Axa Ireland, the largest general insurer in the market by customer premiums, decided to hold off paying dividends to its French parent on last year’s earnings, marking the first such hiatus in five years, as it built up capacity to start underwriting health insurance for its Laya Healthcare brand from the start of this year.
The Irish unit, officially known as Axa Insurance DAC, had paid €270 million in dividends to Paris-based Axa Group over the past four years, including money that was temporarily stored during the Covid-19 pandemic when regulators ordered insurers to avoid payouts and preserve capital.
The Axa Group acquired Laya Healthcare, the Republic’s second-largest health insurer, in 2023 for €650 million. A unit of Zurich-based reinsurance giant Swiss Re, called Elips Insurance, had underwritten Laya policies for years, meaning the business was essentially a tied agent, before Axa Ireland started to write new policies from the start of this year.
“No dividend is proposed in relation to the accounting year 2024 due to the capital requirements linked to health underwriting for 2025 and beyond,” Axa Insurance DAC said in its latest annual solvency and financial condition report (SCFR).
“The company is focusing on reinvesting its financial resources to strengthen its capital base to support growth in its health business.”
The Laya deal is the biggest carried out by the Axa Group in Ireland since it secured a major foothold in the market 26 years ago by acquiring the country’s largest motor insurer at the time, Guardian PMPA Insurance, as part of a multibillion-euro international deal.
Axa Ireland, which is led by chief executive Marguerite Brosnan, saw its insurance revenues grew by 8 per cent last year to €1.15 billion, driven by premium increases across its motor and household lines, as damage costs increased amid rising spare parts and labour costs in an inflationary environment.
The company’s insurance operating profit – a keenly watched barometer of the performance of an insurer’s core business of underwriting risk – fell to €17 million last year from €28 million in 2023. It had recorded a net loss on its insurance underwriting business in 2022.
“AXA Insurance dac has delivered a strong performance in 2024 achieving growth in both insurance revenue and profit for the year. Importantly, during the year necessary pricing action was taken in direct response to the increase in motor accident numbers, coupled with increased cost of injury claims incurred,” the report said.
“Price adjustments were made in order to offset a potential underwriting loss driven by the inflationary pressures in the cost of claims.”

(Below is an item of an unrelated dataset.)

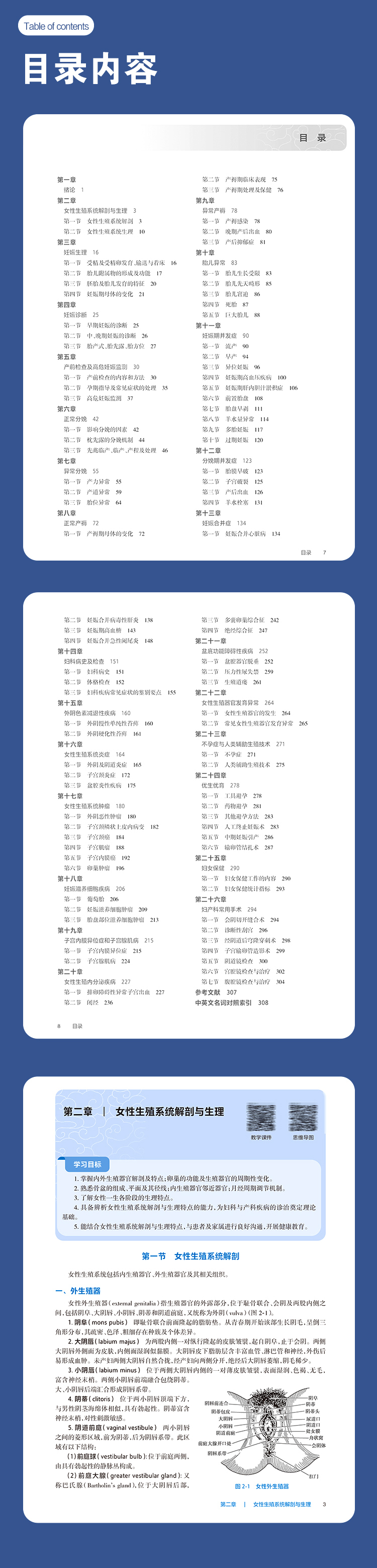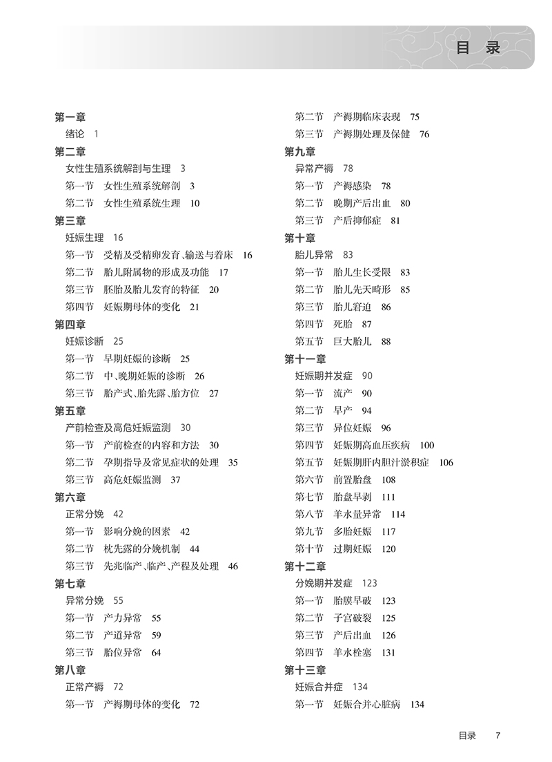 第一章绪论/1 第二章女性生殖系统解剖与生理/3 第一节女性生殖系统解剖/3 第二节女性生殖系统生理/10 第三章妊娠生理/16 第一节受精及受精卵发育、输送与着床/16 第二节胎儿附属物的形成及功能/17 第三节胚胎及胎儿发育的特征/20 第四节妊娠期母体的变化/21 第四章妊娠诊断/25 第一节早期妊娠的诊断/25 第二节中、晚期妊娠的诊断/26 第三节胎产式、胎先露、胎方位/27 第五章产前检查及高危妊娠监测/30 第一节产前检查的内容和方法/30 第二节孕期指导及常见症状的处理/35 第三节高危妊娠监测/37 第六章正常分娩/42 第一节影响分娩的因素/42 第二节枕先露的分娩机制/44 第三节先兆临产、临产、产程及处理/46 第七章异常分娩/55 第一节产力异常/55 第二节产道异常/59 第三节胎位异常/64 第八章正常产褥/72 第一节产褥期母体的变化/72 第二节产褥期临床表现/75 第三节产褥期处理及保健/76 第九章异常产褥/78 第一节产褥感染/78 第二节晚期产后出血/80 第三节产后抑郁症/81 第十章胎儿异常/83 第一节胎儿生长受限/83 第二节胎儿先天畸形/85 第三节胎儿窘迫/86 第四节死胎/87 第五节巨大胎儿/88 第十一章妊娠期并发症/90 第一节流产/90 第二节早产/94 第三节异位妊娠/96 第四节妊娠期高血压疾病/100 第五节妊娠期肝内胆汁淤积症/106 第六节前置胎盘/108 第七节胎盘早剥/111 第八节羊水量异常/114 第九节多胎妊娠/117 第十节过期妊娠/120 第十二章分娩期并发症/123 第一节胎膜早破/123 第二节子宫破裂/125 第三节产后出血/126 第四节羊水栓塞/131 第十三章妊娠合并症/134 第一节妊娠合并心脏病/134 第二节妊娠合并病毒性肝炎/138 第三节妊娠期高血糖/143 第四节妊娠合并急性阑尾炎/148 第十四章妇科病史及检查/151 第一节妇科病史/151 第二节体格检查/152 第三节妇科疾病常见症状的鉴别要点/155 第十五章外阴色素减退性疾病/160 第一节外阴慢性单纯性苔藓/160 第二节外阴硬化性苔藓/161 第十六章女性生殖系统炎症/164 第一节外阴及阴道炎症/165 第二节子宫颈炎症/172 第三节盆腔炎性疾病/175 第十七章女性生殖系统肿瘤/180 第一节外阴恶性肿瘤/180 第二节子宫颈鳞状上皮内病变/182 第三节子宫颈癌/184 第四节子宫肌瘤/188 第五节子宫内膜癌/192 第六节卵巢肿瘤/196 第十八章妊娠滋养细胞疾病/206 第一节葡萄胎/206 第二节妊娠滋养细胞肿瘤/209 第三节胎盘部位滋养细胞肿瘤/213 第十九章子宫内膜异位症和子宫腺肌病/215 第一节子宫内膜异位症/215 第二节子宫腺肌病/224 第二十章女性生殖内分泌疾病/227 第一节排卵障碍性异常子宫出血/227 第二节闭经/236 第三节多囊卵巢综合征/242 第四节绝经综合征/247 第二十一章盆底功能障碍性疾病/252 第一节盆腔器官脱垂/252 第二节压力性尿失禁/259 第三节生殖道瘘/261 第二十二章女性生殖器官发育异常/264 第一节女性生殖器官的发生/264 第二节常见女性生殖器官发育异常/265 第二十三章不孕症与人类辅助生殖技术/271 第一节不孕症/271 第二节人类辅助生殖技术/275 第二十四章优生优育/278 第一节工具避孕/278 第二节药物避孕/281 第三节其他避孕方法/283 第四节人工终止妊娠术/283 第五节中期妊娠引产/286 第六节输卵管结扎术/287 第二十五章妇女保健/290 第一节妇女保健工作的内容/290 第二节妇女保健统计指标/293 第二十六章妇产科常用手术/294 第一节会阴切开缝合术/294 第二节诊断性刮宫/296 第三节经阴道后穹隆穿刺术/298 第四节子宫输卵管造影术/299 第五节阴道镜检查/300 第六节宫腔镜检查与治疗/302 第七节腹腔镜检查与治疗/304 参考文献/307 中英文名词对照索引/308

Net income derived from its investments portfolio jumped to €133 million from €75 million, helping Axa Ireland increase its net profit to €128 million from €94 million for the previous year.
Some 69 per cent of the group’s revenues were generated in the Republic, with 26 per cent in the United Kingdom, mainly reflecting the fact that Axa Ireland is an all-island business. The remaining 5 per cent was recorded as revenues from Europe.
Motor coverage accounted for 57 per cent of its revenues, with household insurance a further 10 per cent. The remainder was largely made up of commercial insurance.
Axa Ireland’s solvency capital reserves rose to €683 million, or almost 1.5 times its regulatory requirement, from €594 million at the end of 2023.